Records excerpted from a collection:
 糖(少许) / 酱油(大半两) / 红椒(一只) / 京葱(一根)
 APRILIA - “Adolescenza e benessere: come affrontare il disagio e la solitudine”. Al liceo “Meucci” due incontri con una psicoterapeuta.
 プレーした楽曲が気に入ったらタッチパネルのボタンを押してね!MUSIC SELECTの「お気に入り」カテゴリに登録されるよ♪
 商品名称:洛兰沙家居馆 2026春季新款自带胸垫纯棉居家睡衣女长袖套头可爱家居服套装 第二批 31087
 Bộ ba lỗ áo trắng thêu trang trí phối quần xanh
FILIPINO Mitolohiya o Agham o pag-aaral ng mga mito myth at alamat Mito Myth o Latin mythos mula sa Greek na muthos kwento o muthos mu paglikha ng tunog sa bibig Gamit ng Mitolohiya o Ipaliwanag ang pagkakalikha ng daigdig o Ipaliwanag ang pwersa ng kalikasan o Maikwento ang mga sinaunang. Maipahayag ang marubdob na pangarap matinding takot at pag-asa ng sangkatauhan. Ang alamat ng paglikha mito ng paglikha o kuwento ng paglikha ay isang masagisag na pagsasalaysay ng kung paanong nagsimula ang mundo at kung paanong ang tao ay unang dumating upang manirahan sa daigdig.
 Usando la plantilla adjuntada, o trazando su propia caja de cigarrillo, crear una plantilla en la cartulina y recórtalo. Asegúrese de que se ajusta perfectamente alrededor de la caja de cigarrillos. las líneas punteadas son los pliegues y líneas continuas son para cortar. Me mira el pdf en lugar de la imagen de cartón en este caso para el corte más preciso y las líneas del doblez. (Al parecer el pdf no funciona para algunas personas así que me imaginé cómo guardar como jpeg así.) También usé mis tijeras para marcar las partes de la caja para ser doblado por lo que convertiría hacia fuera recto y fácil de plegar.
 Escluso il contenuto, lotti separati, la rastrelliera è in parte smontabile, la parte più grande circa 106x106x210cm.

__ASSIGNED TASK__
Exactly as shown above, return all of the entries.

__RESPONSE TO THIS TASK__
 糖(少许) / 酱油(大半两) / 红椒(一只) / 京葱(一根)
 APRILIA - “Adolescenza e benessere: come affrontare il disagio e la solitudine”. Al liceo “Meucci” due incontri con una psicoterapeuta.
 プレーした楽曲が気に入ったらタッチパネルのボタンを押してね!MUSIC SELECTの「お気に入り」カテゴリに登録されるよ♪
 商品名称:洛兰沙家居馆 2026春季新款自带胸垫纯棉居家睡衣女长袖套头可爱家居服套装 第二批 31087
 Bộ ba lỗ áo trắng thêu trang trí phối quần xanh
FILIPINO Mitolohiya o Agham o pag-aaral ng mga mito myth at alamat Mito Myth o Latin mythos mula sa Greek na muthos kwento o muthos mu paglikha ng tunog sa bibig Gamit ng Mitolohiya o Ipaliwanag ang pagkakalikha ng daigdig o Ipaliwanag ang pwersa ng kalikasan o Maikwento ang mga sinaunang. Maipahayag ang marubdob na pangarap matinding takot at pag-asa ng sangkatauhan. Ang alamat ng paglikha mito ng paglikha o kuwento ng paglikha ay isang masagisag na pagsasalaysay ng kung paanong nagsimula ang mundo at kung paanong ang tao ay unang dumating upang manirahan sa daigdig.
 Usando la plantilla adjuntada, o trazando su propia caja de cigarrillo, crear una plantilla en la cartulina y recórtalo. Asegúrese de que se ajusta perfectamente alrededor de la caja de cigarrillos. las líneas punteadas son los pliegues y líneas continuas son para cortar. Me mira el pdf en lugar de la imagen de cartón en este caso para el corte más preciso y las líneas del doblez. (Al parecer el pdf no funciona para algunas personas así que me imaginé cómo guardar como jpeg así.) También usé mis tijeras para marcar las partes de la caja para ser doblado por lo que convertiría hacia fuera recto y fácil de plegar.
 Escluso il contenuto, lotti separati, la rastrelliera è in parte smontabile, la parte più grande circa 106x106x210cm.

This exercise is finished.